_Given data_
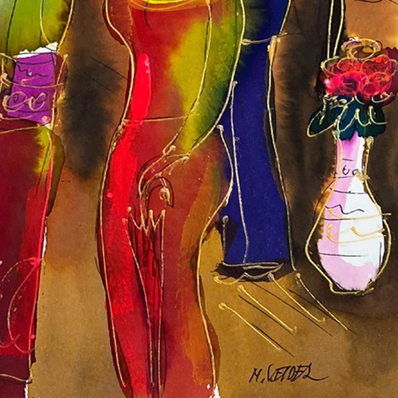 This is an original mixed media watercolor painting on paper by Moshe Leider. Hand signed by the artist, this piece comes custom framed and includes a Letter of Authenticity. Measures approximately 18.5 x 16 (frame), 12 x 8.5 (image).
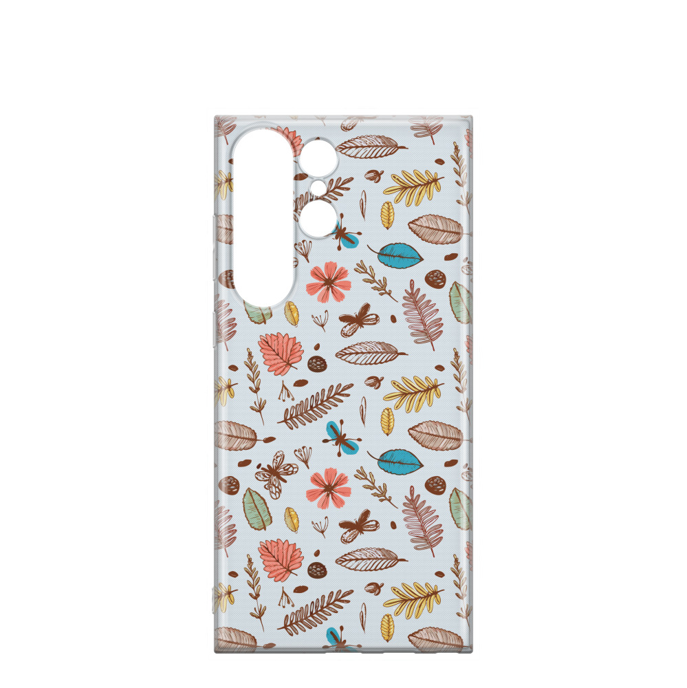 Samsung Galaxy S23 Ultra 5G Gummi Hülle Herbstblüten 03 - Blau / Gelb / Rot
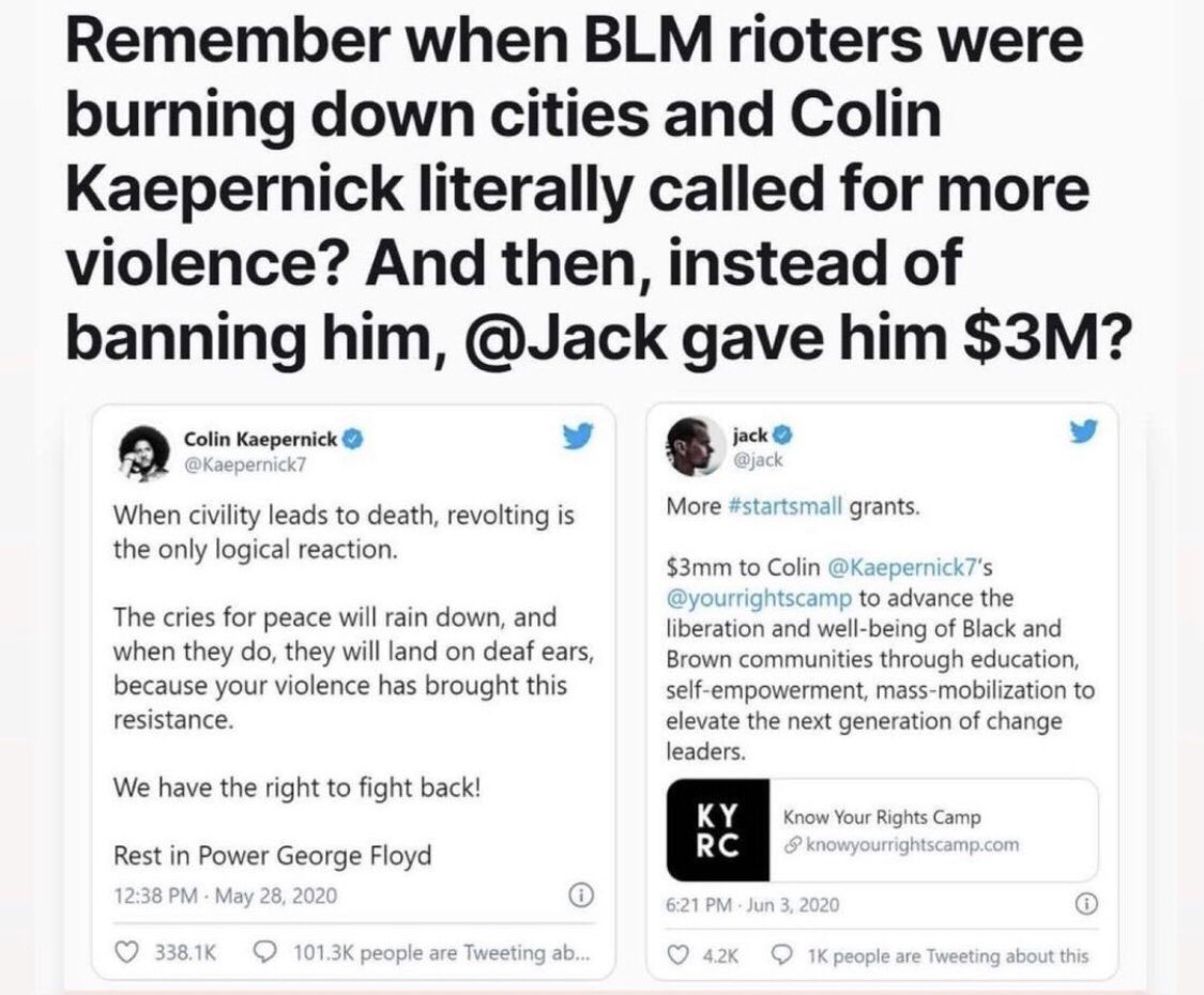 Colin Kaepernick used the word “fight” in the above tweet on the 28th of May, at the exact moment when it literally meant setting Minneapolis aflame and doing what you could to kill, maim, or injure cops. Then a few days later, after Kaepernick’s call to arms had played a major part in the riots spreading across the nation, Dorsey proudly announces that he is rewarding him by dropping $3 million into his lap. And this is the sanctimonious sh*t who is preaching to us and deplatforming a duly elected President for “incitement to violence” even though Trump (a) never told his supporters to storm the Capitol and (b) quickly denounced those who had committed crimes by doing so.
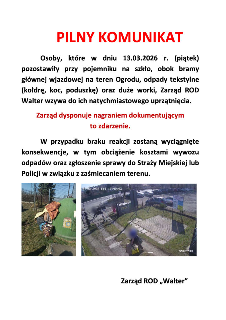 Od przyszłego roku zawiadomienia o podobnych wydarzeniach będą przesyłane wyłącznie drogą elektroniczną – jednak tylko do działkowców, którzy udzielili pisemnej zgody. Dane adresowe będą przetwarzane zgodnie z przepisami RODO oraz wyłącznie w celach informacyjnych związanych z działalnością ROD „Walter”. Każdy działkowiec ma prawo w dowolnym momencie wycofać udzieloną zgodę na otrzymywanie wiadomości drogą elektroniczną.

_Your objective_
The answer should match the data above word for word, with no pictures in it.

_Result_
 This is an original mixed media watercolor painting on paper by Moshe Leider. Hand signed by the artist, this piece comes custom framed and includes a Letter of Authenticity. Measures approximately 18.5 x 16 (frame), 12 x 8.5 (image).
 Samsung Galaxy S23 Ultra 5G Gummi Hülle Herbstblüten 03 - Blau / Gelb / Rot
 Colin Kaepernick used the word “fight” in the above tweet on the 28th of May, at the exact moment when it literally meant setting Minneapolis aflame and doing what you could to kill, maim, or injure cops. Then a few days later, after Kaepernick’s call to arms had played a major part in the riots spreading across the nation, Dorsey proudly announces that he is rewarding him by dropping $3 million into his lap. And this is the sanctimonious sh*t who is preaching to us and deplatforming a duly elected President for “incitement to violence” even though Trump (a) never told his supporters to storm the Capitol and (b) quickly denounced those who had committed crimes by doing so.
 Od przyszłego roku zawiadomienia o podobnych wydarzeniach będą przesyłane wyłącznie drogą elektroniczną – jednak tylko do działkowców, którzy udzielili pisemnej zgody. Dane adresowe będą przetwarzane zgodnie z przepisami RODO oraz wyłącznie w celach informacyjnych związanych z działalnością ROD „Walter”. Każdy działkowiec ma prawo w dowolnym momencie wycofać udzieloną zgodę na otrzymywanie wiadomości drogą elektroniczną.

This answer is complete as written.